:: Required action ::
Starting with the line that contains "More than 30", give again exactly and only each line through the end of the records; include the last line and exclude pictures.

-------- Supplied entries --------

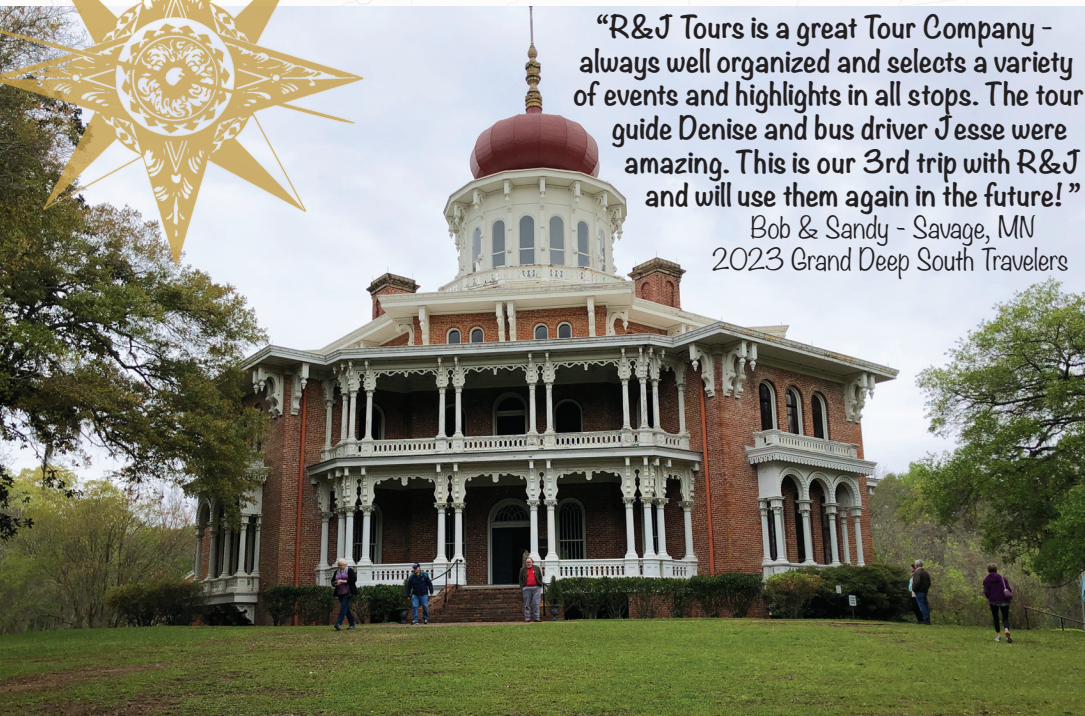
Longwood - largest octagonal house in America. Construction was halted by the Civil War and never fully completed.
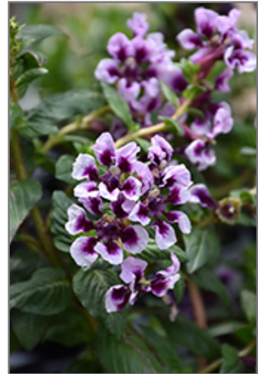
Sweet Talk Lavender Splash Cuphea flowers

Sweet Talk Lavender Splash Cuphea is recommended for the following landscape applications;
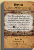
8 Malfunction Cards
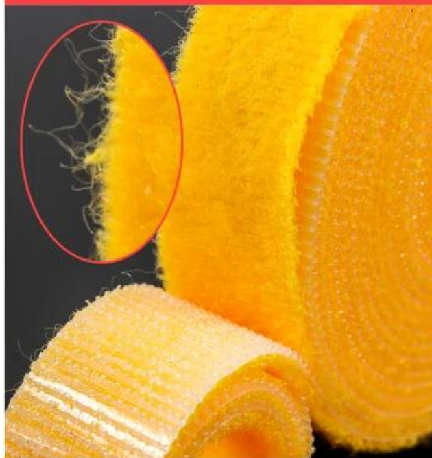
The loop got loose and the hook has been straightened
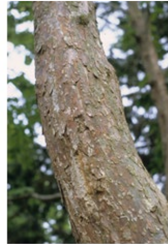
Davidia involuocrata var vilmoriniana
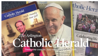
Arlington Catholic Herald
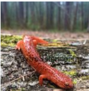
Red Salamander – Pseudotriton ruber
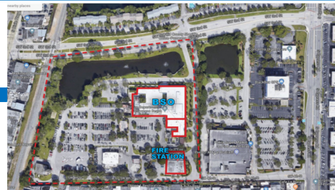
PUBLIC SAFETY COMPLEX
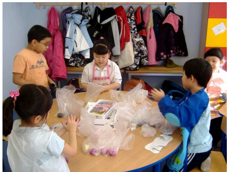
Making play dough

On Tuesday, March 24 th , we invited the entire school and all our parents to ART FOR ALL THE SENSES . It was an exhibition of all that we have been doing in class. Our artwork was on display in the lunchrooms, and we had a station set up for each of the five senses. At these stations, all of our guests were able to do activities set up and carried out by the Year 2 class. There were taste tests, a feely box, blind drawing, hearing tests and scent tests. After going through our exhibition, everyone was given a parting gift of homemade play dough that we made ourselves! We hope that we were able to teach everyone some of what we learned during our IPC unit. Thank you to everyone that came. We had a great time, and hope you did too!
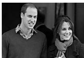
Kate Middleton Drops Jaws, Proving Prince William Is A Luc... Livingly
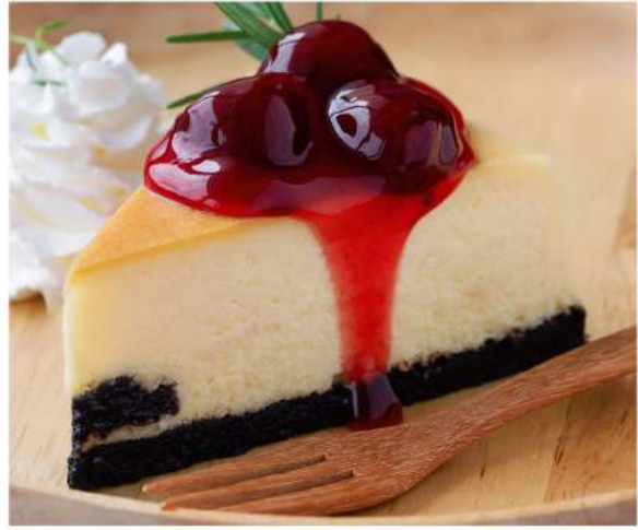
CE35 OREO CLASSIC CHEESE Baked Cheese with oreo Crumbs, Oreo Crumb Base
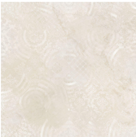
BORNEO DECOR 60X60 B30
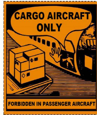
Cargo Aircraft Only Label
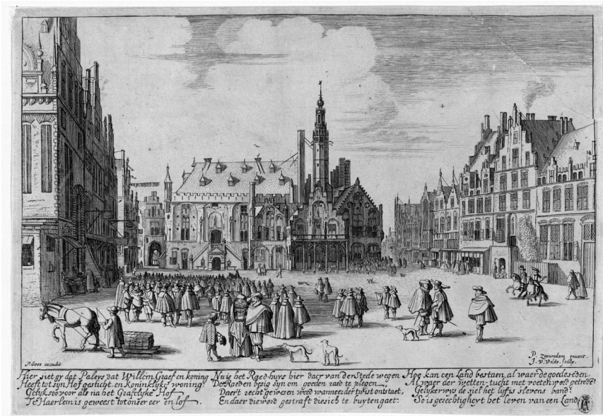
Figure 5.1 Jan van de Velde after Pieter Jansz. Saenredam, 'View on the Grand Square with Town Hall of Haarlem', as published in Samuel Ampzing, Beschryvinge ende lof der stad Haerlem (Haarlem: Adriaen Roman, 1628). Rijksmuseum Amsterdam, Public Domain.
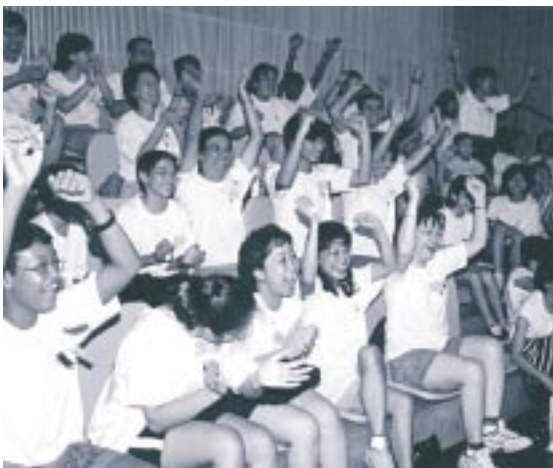
"Come on Blue!!!"
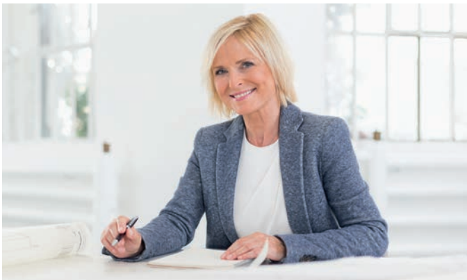
UNIQUIN offers a high level of flexibility in room configuration.

This allows you to adopt your own, harmonious mix of transparent and opaque elements, combining panoramic views with discreet privacy at your discretion.
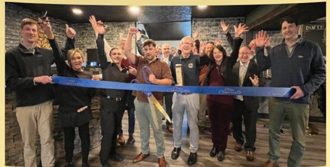
Ribbon cutting celebration of Brunch Pub.
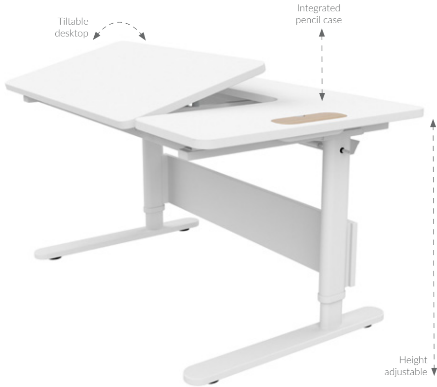
Moby-left up H:59-83 W:120 D:70 / 82-50149
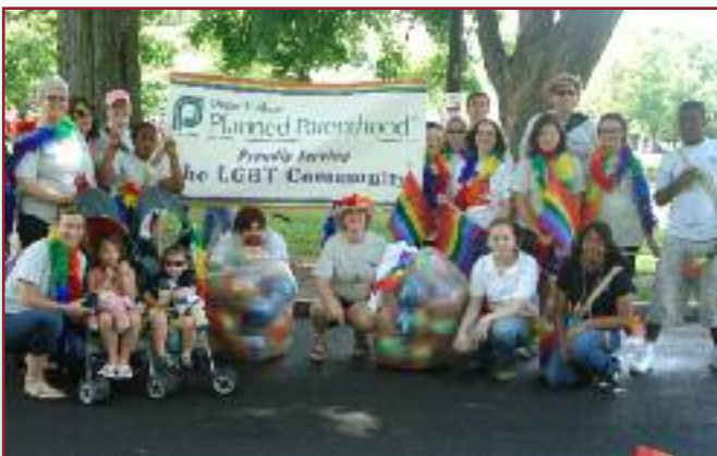
More than 30 UHPP staff members, volunteers and S.T.A.R.S. peer educators turned out to march in the annual Capital Region LGBT Pride Parade and Festival in Albany on June 13.
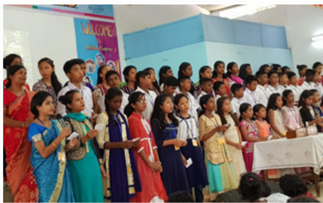
► Bangladesh Children's Congress
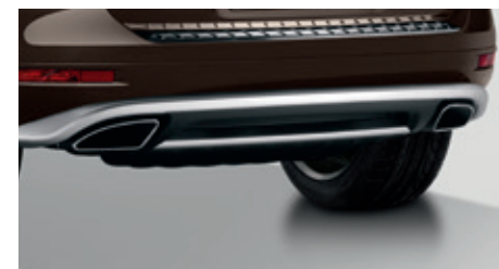
Chrome-look rear accent strip
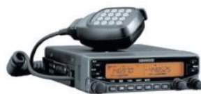
TM-V71A 2M/440 DualBand

--------

:: Your solution ::
More than 30 UHPP staff members, volunteers and S.T.A.R.S. peer educators turned out to march in the annual Capital Region LGBT Pride Parade and Festival in Albany on June 13.
► Bangladesh Children's Congress
Chrome-look rear accent strip
TM-V71A 2M/440 DualBand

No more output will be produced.